= Julyan Sinclair =

Scottish television producer and presenter

Julyan Sinclair is an Orcadian television and radio presenter. He won a BAFTA in 2002 for "Best New Television Presenter" for his work on various Scottish Television arts and entertainment programmes.

==Television career==
He has previously hosted Scotsport, along with Jim Delahunt and Sarah O, on STV. Both Sinclair and Sarah O'Flaherty left the programme in 2006, with Jim Delahunt leaving shortly after. For the past 15 years Sinclair has focussed on behind the camera work, and has been nominated for Scottish BAFTAs for his directing, series producing, and camerawork, and is Series Producer on the Channel 4 show Location, Location, Location.

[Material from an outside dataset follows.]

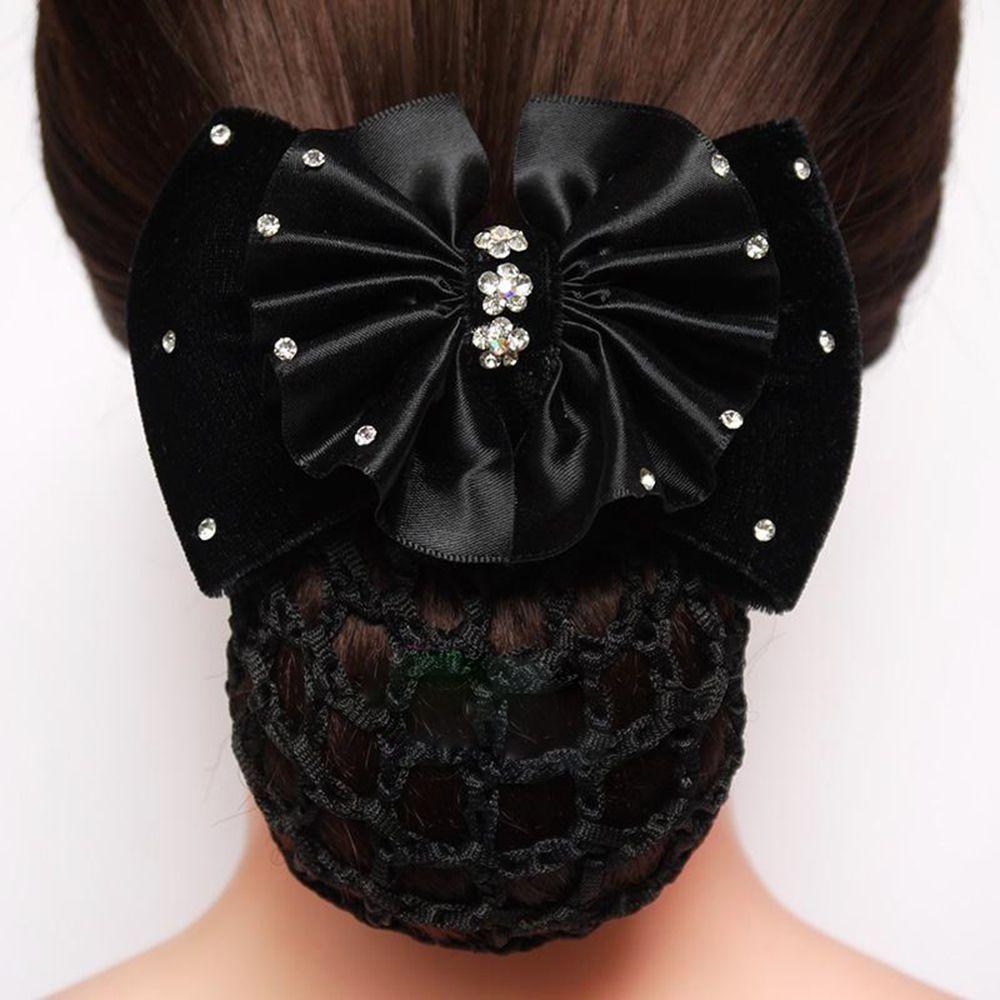 Шарм Сатин Стразы Заколка Дамские Аксессуары для Волос Зажим для Волос Чехол Сетка Пучок Снуд Бант

Julyan has appeared as a guest presenter on STV's daily lifestyle show The Hour on a few occasions, alongside main anchor Michelle McManus since November 2009.

==Radio==
Sinclair was an overseas correspondent for US and Australian radio stations, having spent a year in the US working for a radio station, and being employed at Triple J (the Australian version of the UK's Radio 1) during his time down under.

Sinclair hosted the XFM Scotland breakfast show until 7 November 2008 when XFM Scotland was renamed Galaxy Scotland.

==Writing==
Sinclair also writes for tabloids and broadsheets.